Looks like one black hole is having its own Thanksgiving feast.
Scientists have stumbled upon an amazing sight: a black hole murdering a star, and burping it back out.
It’s not the first time a black hole has been captured pulling a star to pieces, as they are known to do, but this new study may have just captured a phase of it never before seen, according to a Washington Post report.
The reason this particular black hole is different is because the scientists are witnessing a hot flare of matter escape from the black hole, almost like a “burp” after the black hole had gobbled up its own Thanksgiving dinner.
The study, published in Science, could be the first time someone has picked up the radio signal of escaping matter from a star that has been swallowed up by a black hole. Scientists have seen such jets of matter, but never have they directly linked it to a specific star being ripped to pieces. It’s an important discovery as scientists don’t know a lot about the phenomenon.
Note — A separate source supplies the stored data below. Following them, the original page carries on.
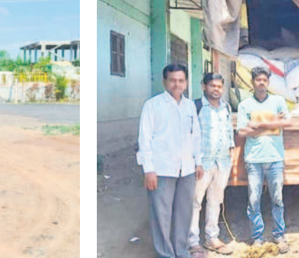
ఇటీవల కాగజేనగర్ చింతగూడ కోయవారు వద్ద అక్రమంగా మహారాష్ట్రకు తరలించేందుకు సిద్ధంగా 122 క్వింటాళ్ల బియ్యాన్ని పట్టుకున్న అధికారులు

తాల్లో లబ్ధిదారుల నుంచి రేషన్ షాపు వద్దనే కొనడం, మరొకటి ప్రాంతాల్లో లబ్ధిదారులకు ఇవ్వకుండానే నేరుగా రేషన్ బియ్యాన్ని అక్రమంగా తరలిస్తున్నారనే ఆరోపణలు వస్తున్నాయి. కిలో బియ్యాన్ని రూ. 12కు కొనుగోలు చేసే మహారాష్ట్రలోని సరిహద్దు ప్రాంతాల్లో రూ. 20కు వరకు విక్రయిస్తున్నారు. మహారాష్ట్రకు తరలి వెళ్తున్న బియ్యాన్ని పట్టుకునేందుకు మద్దతు ఎక్కడ చెకెపోస్తులు లేవు. ద్వితీయ వ్యాపారులు, అటోలు, చిన్న వ్యాపారులు అక్రమంగా, అక్రమంగా, సిర్పూర్-టీ మండలంలోని వెంట్రియావేట్, తదితర మహారాష్ట్ర సరిహద్దు ప్రాంతాలకు తరలిస్తున్నారు. అక్కడ గోదాముల్లో దండం చేసి, అక్కడి నుంచి భారీ వాహనాల్లో
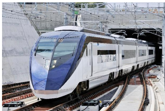
〈成田湯川付近を走行するスカイライナー〉

今回のダイヤ改正では、都心から成田空港間を運行する「スカイライナー」の大幅な増発を中心に成田空港アクセスの更なる利便性向上を図り、増加する成田空港をご利用になるお客様や、本年10月末から予定されている成田空港の運用時間延長に対応させ、より便利で快適にご利用いただけるようになります。
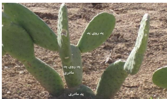
شکل ۲- نمایش پد روی پد مادری و پد روی پد

پد مادری)، میانگین تعداد پد روی پد (تعداد پد جدید روی پدهای روییده شده از پد مادری یا پدهای ثانویه) (شکل ۲)، طول پد، عرض پد، عملکرد علوفه‌تر، علوفه‌خشک و خوش‌خوراکی کاکتوس علوفه‌ای (غلظت عناصر کلسیم، منیزیم، پتاسیم، سدیم و فسفر در علوفه) بود. به‌منظور ارزیابی خوش‌خوراکی علوفه، تعداد ۱۰ نمونه از هر کرت به‌صورت تصادفی در دو مرحله نمونه‌برداری شد، تعداد ۱۰ نمونه در هر مزرعه برداشت شده (۱ کیلوگرم محصول) و برای ایجاد یک نمونه با هم مخلوط شدند و در کیسه‌های کاغذی قرار داده و به آزمایشگاه منتقل گردید. نمونه‌های محصول از اندام خوراکی برداشت و با آب مقطر شستشو داده شد، سپس نمونه‌ها در دمای ۷۵ درجه سانتی‌گراد به مدت ۴۸ ساعت قرار داده شد، تا به وزن ثابت برسد. نمونه‌ها پس از خشک شدن با استفاده از آسیاب برقی با محفظه تمام استیل آسیاب و نمونه‌های آسیاب شده تا زمان عصاره‌گیری در ظروف پلاستیکی که قبلاً با اسید رقیق شسته شده نگهداری گردید. ۲ گرم از هر نمونه توزین و به‌منظور تعیین غلظت کلسیم (Ca)، پتاسیم (K)، منیزیم (Mg)، سدیم (Na) و فسفر (P)، سر موجود در نمونه‌ها با روش اکسیداسیون تر توسط \text{HNO}_3 و \text{H}_2\text{O}_2 هضم (Demirak et al., 2006) و توسط دستگاه‌های جذب اتمی و کوره گرافیتی (ICP-AES) اندازه‌گیری شدند (Li et al., 2004).
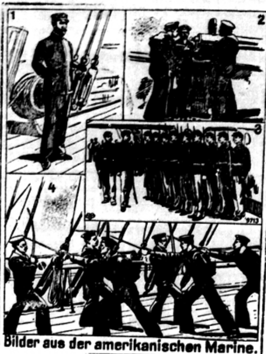
Bilder aus der amerikanischen Marine.

K.-B. Gästrow, 16. maja. „Güstrower Zeitung“ izve iz zanesljivega vira, se je name- raval v zadnjih dneh na švedskega kralja napad. Kralj bi se moral ob priliki nekega ogleda ko- njev v Djoregarden pri Stockholmu podati. Par dni preje dobila sta kralj in policijski minister svarila, ki sta se glasila, da naj kralj ne običje ogleda, ker je nameravan proti njegovemu ži- ljenju atentat, ki bi se imel ob priliki tega obika izvršiti. Posrečilo se je kralja od njegovega obika zadržati. Zudešo preiskajoče oblasti raz- krile so v resnici zaroto, ki je po dosedanjih podatkih od angleških in ruskih a- gentov pripravljeno dejanje. Izvršilo se je več aretacij. Pri zaroti udeleženi skušajo zdaj napad na roveč anarhistov spraviti. Ker šved- sko časopisje ne bi smelo o temu ničesar po- ročati in je le „Aftonbladet“ v par besedah za-

Sjoert van Velzen, a Hubble fellow at Johnson Hopkins University, called it “extremely rare” in a statement, adding: “It’s the first time we see everything from the stellar destruction followed by the launch of a conical outflow, also called a jet, and we watched it unfold over several months.”
The star and the black hole gobbling it up are at a safe distance of 300 million light years away. The star is about the same size and type as our own, and the black hole is the supermassive kind typically found at the center of galaxies like our own.
The amazing sight was captured by Ohio State University scientists with an optical telescope last year. Researchers at the University of Oxford used a number of different telescopes to gather more information about the event, and scientists hope to discover more about the phenomenon and thus come to a greater understanding about it.